Акварелист



Вместо эпиграфа 

На столе лежала ручка блеском пластика маня.
- Вот уже вторые сутки ты не брался за меня!
- Слушай, ручка, дел по горло! Я устал, дай отдохнуть!
Невозможно человеку бесконечно спину гнуть!
-Помнишь, ты писал про ветер, и про дальние края,
И про ласковую осень, про бескрайние поля....
- Да, красиво, я не спорю! Только, ручка, дай уснуть!
В этих скучных серых буднях про поэзию забудь!
- Помнишь, золотом с деревьев  укрывалась вся земля...
Черкани хоть хоть пару строчек для людей и для  себя!
- Ладно, может Бог поможет мне придумать что-нибудь
Про Вселенную, про солнце, про великий Млечный Путь...
На столе лежала ручка, черным пластиком маня,
И смотрела прямо в душу, заставляя сочинять...

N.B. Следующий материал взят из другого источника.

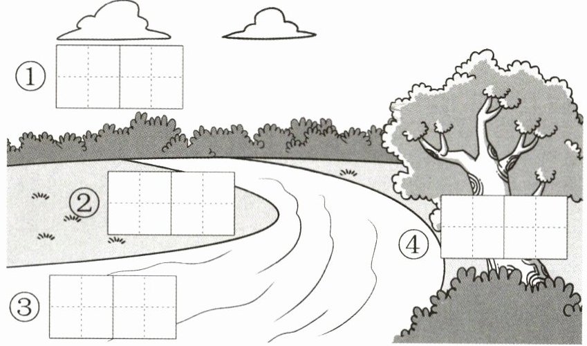 示例:① 白云 ② 草地 ③ 小河 ④ 大树 天上飘着朵朵白云,草地绿油油的,小河边长着一棵大树。

Такая история случается очень часто. "Болтливость" ручки может появиться из-за  красивого лица в людской толпе, озаренного внутренним глубоким чувством, или игры света и тени на Таганрогских улицах, или из-за магического блеска ряби на спокойной воде в заливе. А еще бывает так, когда видишь талантливую работу художника. Внутри тебя вдруг просыпается  что-то непримиримое, которое не дает душе успокоиться, терзает постоянными напоминаниями  о себе до тех пор, пока в муках не родится образ.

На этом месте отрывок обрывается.